The following Events of Default occurring after the date hereof (“Future Permitted Defaults”) will not constitute Events of Termination:
a. Borrower’s failure to timely file its periodic reports with the Securities and Exchange Commission (“SEC”) for any period prior to the earlier of April 1, 2006, or such earlier date as may be required by the SEC;
b.
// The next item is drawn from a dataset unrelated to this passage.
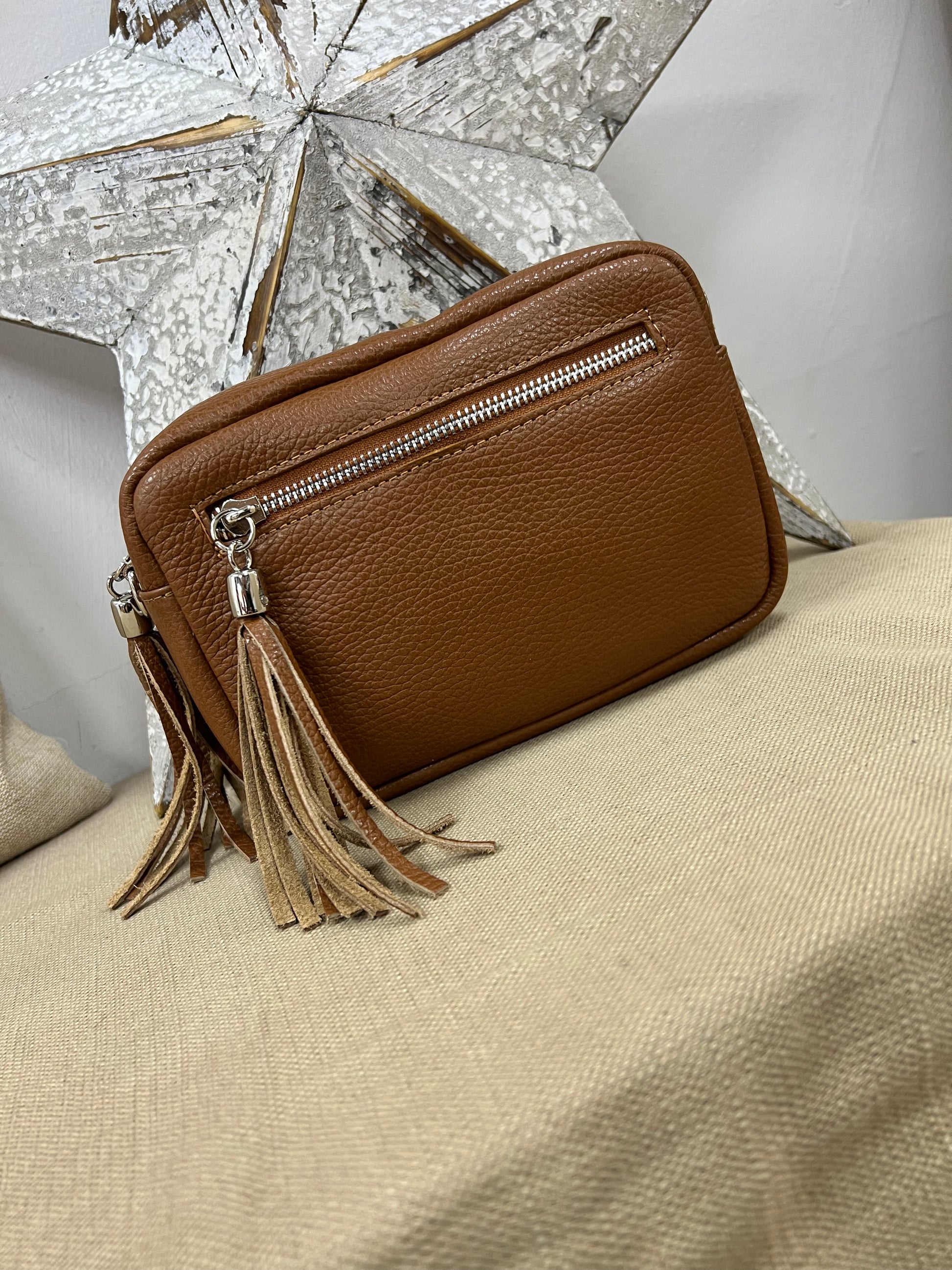 This stylish tan leather bag is ideal for those special occasions when you want to look your best! Perfect for holidays, everyday use, or a night out, it's made from soft, supple leather that's sure to make a statement. Crossbody for comfort and convenience — you won't want to leave home without it!

Borrower’s failure to present auditor’s reviews of annual financial statements when required by the Loan Documents for any period prior to the fiscal period ending December 31, 2005 which have not been provided to Lender.
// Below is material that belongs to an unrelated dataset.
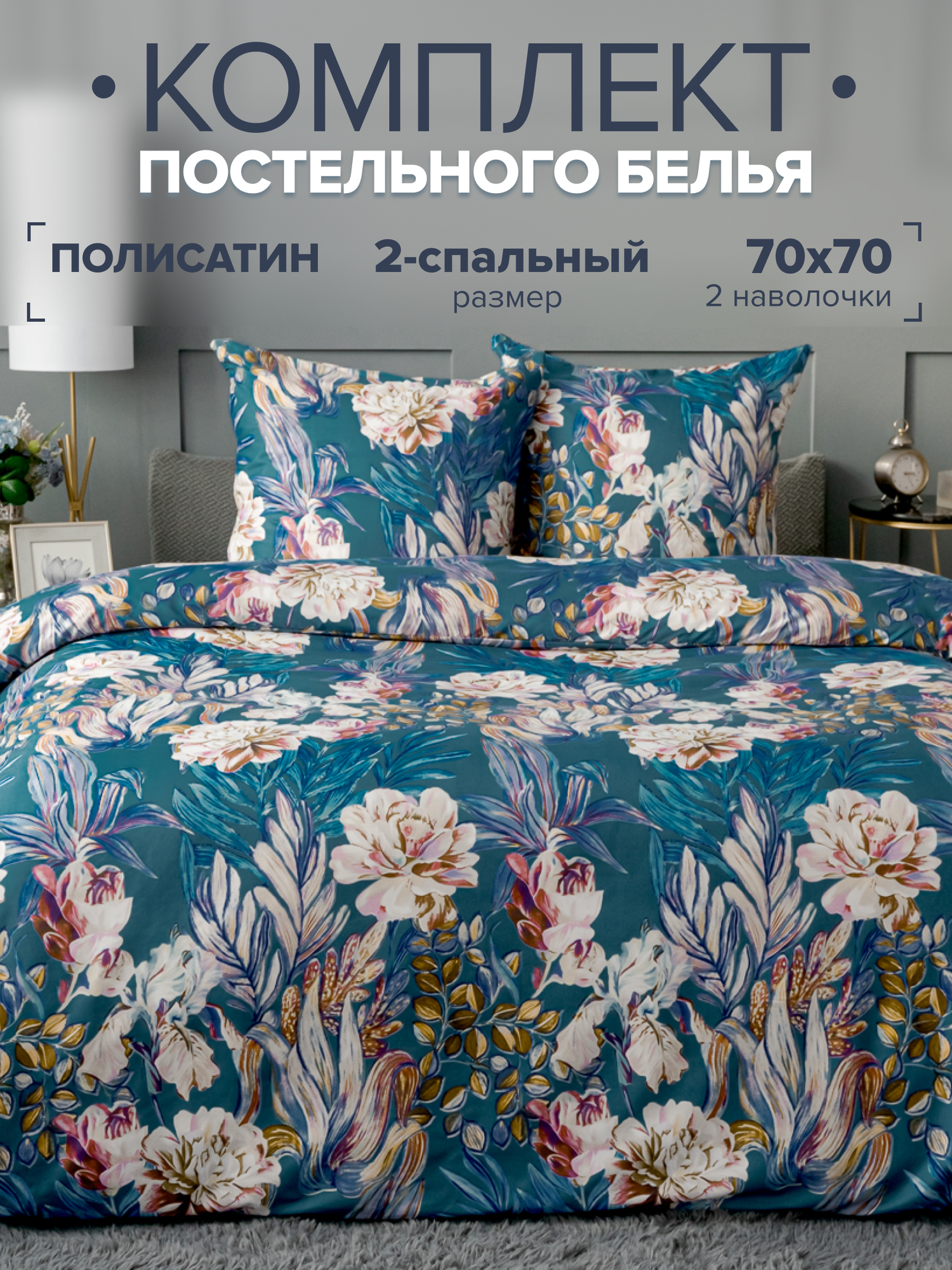 10 цен на Постельное белье 2 спальное Павлина Эдем бирюза, Полисатин, наволочки 70x70

If on December 15, 2005, Borrower is in full compliance with this Agreement and the other Loan Documents and no Event of Default (other than Designated Defaults or Future Permitted Defaults exist) Borrower may request a 30 day extension of the Forbearance Termination Date to January 14, 2006, provided such request is accompanied by payment of an additional forbearance fee in the sum of $500,000, whereupon the Forbearance Termination Date shall, absent any Event of Termination, be so extended.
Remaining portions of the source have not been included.